Due to “high demand as a dependable logistics partner,” Deutsche Post DHL Group reported a 23.4 percent increase in second quarter revenue at €24 billion ($24.5 billion).

According to a press release, the Group’s operating profit (EBIT) increased by 10% to €2.3 billion in Q22021, up from €2.1 billion in Q22021. “At 9.7% percent, the EBIT margin was slightly below the prior-year level (10.7 percent in Q22021),” the release reads.
In order to reach €1.5 billion ($1.53 billion), net profit climbed by 13%. According to Frank Appel, CEO of Deutsche Post DHL Group, “thanks to the great efforts of our staff, we provide our customers with trustworthy logistics solutions even in unpredictable times.”
“The strong profit performance is a result of this strength, which will continue to pay off in the future. More than ever, our customers value our logistics services. Based on our substantial global presence and cutting-edge infrastructure, we are able to provide dependable solutions in a setting that is becoming more complex across all industries. We don’t waver in the face of adversity.”
Operating cash flow decreased by 10% to €2 billion ($2.4 billion) in the second quarter of 2022 from €2.2 billion in Q2 of 2021.

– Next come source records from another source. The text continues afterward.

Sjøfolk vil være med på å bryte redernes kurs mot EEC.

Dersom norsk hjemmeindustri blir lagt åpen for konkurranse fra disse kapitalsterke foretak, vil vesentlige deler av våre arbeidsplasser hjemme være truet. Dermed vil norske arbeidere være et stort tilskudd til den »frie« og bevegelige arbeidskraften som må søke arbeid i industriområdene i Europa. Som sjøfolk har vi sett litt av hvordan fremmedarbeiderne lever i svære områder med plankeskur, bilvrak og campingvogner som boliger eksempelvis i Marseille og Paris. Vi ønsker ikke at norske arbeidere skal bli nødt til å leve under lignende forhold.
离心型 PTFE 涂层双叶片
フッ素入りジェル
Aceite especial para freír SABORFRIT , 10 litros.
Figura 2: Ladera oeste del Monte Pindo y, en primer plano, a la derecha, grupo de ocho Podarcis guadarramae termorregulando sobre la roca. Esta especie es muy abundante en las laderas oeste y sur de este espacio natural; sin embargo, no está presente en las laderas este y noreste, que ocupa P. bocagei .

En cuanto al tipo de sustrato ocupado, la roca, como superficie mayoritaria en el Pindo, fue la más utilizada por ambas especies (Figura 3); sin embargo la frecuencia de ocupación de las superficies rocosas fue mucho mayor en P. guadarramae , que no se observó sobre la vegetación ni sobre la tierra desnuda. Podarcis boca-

According to CFO Melanie Kreis
“We have significantly increased our financial strength through a good operating performance in recent quarters. “More financial flexibility equips us to handle any situation. We are able to move forward as scheduled with our planned investments of around €12 billion by 2024 because of our solid cash sheet. By doing this, we are laying the groundwork for long-term growth that goes beyond the recently significantly higher levels of earnings.”

Divisional effectiveness
Despite decreasing volumes for international time-definite express (TDI) shipments, the Express division’s revenue climbed by 17.5% to €7 billion. “The rise in greater-weight shipments, price adjustments, and increased fuel surcharges all contributed to revenue increases. EBIT decreased 6% from the previous year to €1.1 billion (from €1.2 billion in Q22021). In comparison to an extraordinarily high margin of 19.8 percent in the same time last year, the EBIT margin held steady at a healthy 15.7 percent.”

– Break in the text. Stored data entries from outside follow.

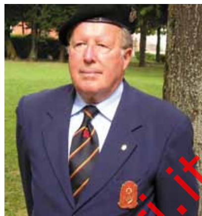
Lag. Gen. Giampaolo Saltini

l'impressione di un'Associazione divisa e rancorosa. E' successo che alcuni Presidenti di Sezione o Lagunari, abbiano ritenuto di risolvere talune diatribe, a livello quasi personale, estendendo la diffusione a tutte le altre Sezioni che, non conoscendo i motivi del contendere, potevano solo rimanere perplesse, e immaginare chissà quali problematiche. Mi auguro che questa strana abitudine sia del tutto eliminata. Se vi sono controversie fra Sezioni o Presidenti o Lagunari, devono essere affrontate e risolte con leali e sereni confronti diretti, magari attorno ad un tavolo imbandito, senza mai dimenticare che lo spirito che ci deve animare, e che ci anima, è l'amore per la Specialità, l'orgoglio per il Leone di San Marco che portiamo sul e nel cuore. Chiediamoci sempre se quel-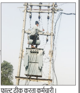
फाल्ट ठीक करता कर्मचारी।

पूरनपुर। नगर से लेकर देहात तक बिजली आपूर्ति बार-बार बाधित होने से लोगों को भारी परेशानी का सामना करना पड़ रहा है। रात भर बिजली आने-जाने का सिलसिला चलता रहता है। जिससे उपभोक्ताओं की नींद खराब हो रही है। इससे भरी गर्मी के बीच बिजली कटौती से छूटे बच्चों, बुजुर्गों और मरीजों को सबसे अधिक दिक्कत उठानी पड़ रही है। क्षेत्र के लोगों ने बताया कि शाम होते ही नगर से लेकर देहात तक बिजली आपूर्ति में व्यवधान शुरू हो जाता है।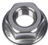
Dado flangiato MU F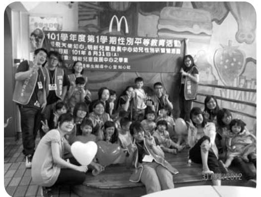
景文科技大學志工活動—麥當勞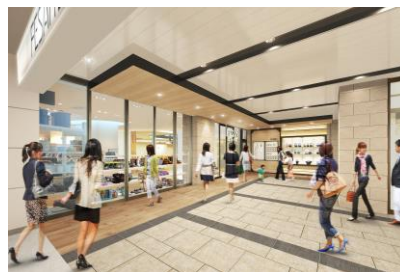
【②1階滝の広場南側入口イメージ】

Global Forwarding, Freight increased EBIT to €746 million from €312 million in Q22021, more than double that amount. “A notable increase in revenue of 56 percent to €8.2 billion was made possible by the maintained price and margin trends in the global transport markets.”
When clients realised that ocean freight had once again improved schedule reliability, modal shifts back towards ocean freight items caused a small decline in air freight volumes. Ocean freight volumes increased by 11.3% as a result of the integration of the beverage logistics company Hillebrand, which was purchased at the start of the second quarter. To 9.1 percent, the EBIT margin dramatically increased (6 percent in Q22021). Revenue from the supply chain increased by 23% to €4.1 billion, while EBIT increased by 23.2 % to €244 million. At €1.5 billion, E-Commerce Solutions’ revenue increased by 5%. The drop in cargo volumes was more than offset by price modifications.

confirmed prognosis for 2022
The Group reiterated its €8 billion ($8.2 billion, +/- 5%) 2022 EBIT guidance “even taking a potential global economic slowdown in the second half of 2022 into account. The Group has a solid foundation for delivering on this, having generated an EBIT of €4.5 billion ($4.7 billion) in the first quarter of 2022.”